ACTIVITY:
Your answer must be the data repeated exactly, with no pictures in it.

DATA BLOCK:
#####

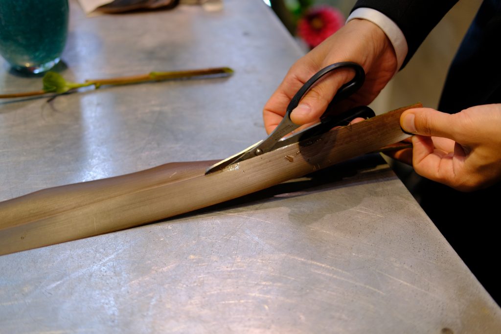まずはニューサイランを、花器の高さの約3倍の長さにカット。
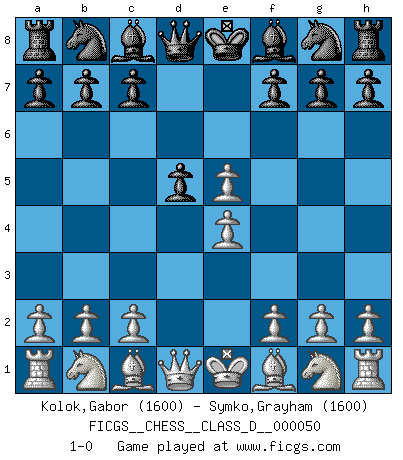 Last move : 1-0 2007 July 23 18:23:35 [Event "FICGS__CHESS__CLASS_D__000050"] [Site "FICGS"] [Date "2007.06.12"] [Round "1"] [White "Kolok,Gabor"] [Black "Symko,Grayham"] [Result "1-0"] [WhiteElo "1600"] [BlackElo "1600"] 1.e4 e5 2.d4 d5 3.dxe5 1-0 This chess game has been lost on time (started : 2007.06.12 1:10:41) King's pawn game Player White won this chess game. Follow this game move after move (download)The enormous mental resilience, without which no Chess player can exist, was so much taken up by Chess that he could never free his mind of this game. (Albert Einstein) Kostenjuk hat keinen Sexappeal. (Loek van Wely) Debió haber existido una vez en que los hombres eran semidióses, de otra manera no hubiesen podido inventar el Ajedrez. (Gustav Schenk) La conception d'un plan est le processus par lequel un joueur exploite les avantages de sa position tout en s'efforçant d'en réduire au minimum les inconvénients. Afin de garantir le succès, un plan doit toujours se fonder sur un diagnostic objectif des particularités d'une position. La conception d'un plan est d'autant plus difficile que la position est équilibrée, et grandement facilitée lorsqu'il n'existe qu'un seul plan susceptible de répondre aux exigences de la position. (Harry Golombek) Hello Thibault, if I have had a plan (and I had one, I hope), I have forgotten it during the last week... - Hello Heinz-Georg. What do you mean a plan ? (Anonymous players, during a Big Chess game)
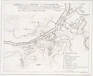 Shortly before sunset on 24 April, Phillips landed a force of 2,500 British and Hessian soldiers at City Point (now Hopewell), 12 miles (19 km) east of Petersburg.[2] As morning dawned the next day, four regiments of Muhlenberg's Virginia militia infantry formed two lines of defense and awaited the British force. The first line was composed of the regiments of Thomas Merriweather and John Dick, with Merriweather's anchoring the left of the line at the river, and Dick's the right, extending into the hills south of Blandford.[23] The second line, which was to form the main line of defense after the first one fell back, consisted of Ralph Faulkner's regiment on the left, and John Slaughter's on the right. The line extended along what is today Madison Street in Petersburg, from a causeway and bridge across the Lieutenant Run, a creek separating Petersburg and Blandford. The line was positioned to maximize the exposure of British troops to gunfire as they approached.[23] Von Steuben also placed one regiment on the north shore of the Appomattox River to guard against the possibility that the British landed on that side of the river.[24] He also positioned a small reserve force at the southern end of the Pocahontas Bridge, and Muhlenberg sent a company of Slaughter's men down the north bank to provide advance warning as the British approached.[23]
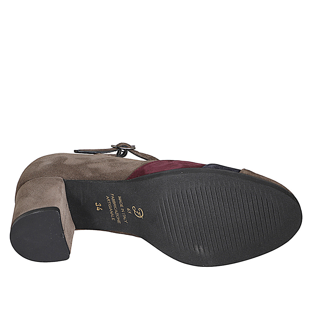 Decolté da donna in camoscio marrone, blu e bordeaux con cinturino Charleston e plantare estraibile tacco 5

#####

ANSWER BOX:
まずはニューサイランを、花器の高さの約3倍の長さにカット。
 Last move : 1-0 2007 July 23 18:23:35 [Event "FICGS__CHESS__CLASS_D__000050"] [Site "FICGS"] [Date "2007.06.12"] [Round "1"] [White "Kolok,Gabor"] [Black "Symko,Grayham"] [Result "1-0"] [WhiteElo "1600"] [BlackElo "1600"] 1.e4 e5 2.d4 d5 3.dxe5 1-0 This chess game has been lost on time (started : 2007.06.12 1:10:41) King's pawn game Player White won this chess game. Follow this game move after move (download)The enormous mental resilience, without which no Chess player can exist, was so much taken up by Chess that he could never free his mind of this game. (Albert Einstein) Kostenjuk hat keinen Sexappeal. (Loek van Wely) Debió haber existido una vez en que los hombres eran semidióses, de otra manera no hubiesen podido inventar el Ajedrez. (Gustav Schenk) La conception d'un plan est le processus par lequel un joueur exploite les avantages de sa position tout en s'efforçant d'en réduire au minimum les inconvénients. Afin de garantir le succès, un plan doit toujours se fonder sur un diagnostic objectif des particularités d'une position. La conception d'un plan est d'autant plus difficile que la position est équilibrée, et grandement facilitée lorsqu'il n'existe qu'un seul plan susceptible de répondre aux exigences de la position. (Harry Golombek) Hello Thibault, if I have had a plan (and I had one, I hope), I have forgotten it during the last week... - Hello Heinz-Georg. What do you mean a plan ? (Anonymous players, during a Big Chess game)
 Shortly before sunset on 24 April, Phillips landed a force of 2,500 British and Hessian soldiers at City Point (now Hopewell), 12 miles (19 km) east of Petersburg.[2] As morning dawned the next day, four regiments of Muhlenberg's Virginia militia infantry formed two lines of defense and awaited the British force. The first line was composed of the regiments of Thomas Merriweather and John Dick, with Merriweather's anchoring the left of the line at the river, and Dick's the right, extending into the hills south of Blandford.[23] The second line, which was to form the main line of defense after the first one fell back, consisted of Ralph Faulkner's regiment on the left, and John Slaughter's on the right. The line extended along what is today Madison Street in Petersburg, from a causeway and bridge across the Lieutenant Run, a creek separating Petersburg and Blandford. The line was positioned to maximize the exposure of British troops to gunfire as they approached.[23] Von Steuben also placed one regiment on the north shore of the Appomattox River to guard against the possibility that the British landed on that side of the river.[24] He also positioned a small reserve force at the southern end of the Pocahontas Bridge, and Muhlenberg sent a company of Slaughter's men down the north bank to provide advance warning as the British approached.[23]
 Decolté da donna in camoscio marrone, blu e bordeaux con cinturino Charleston e plantare estraibile tacco 5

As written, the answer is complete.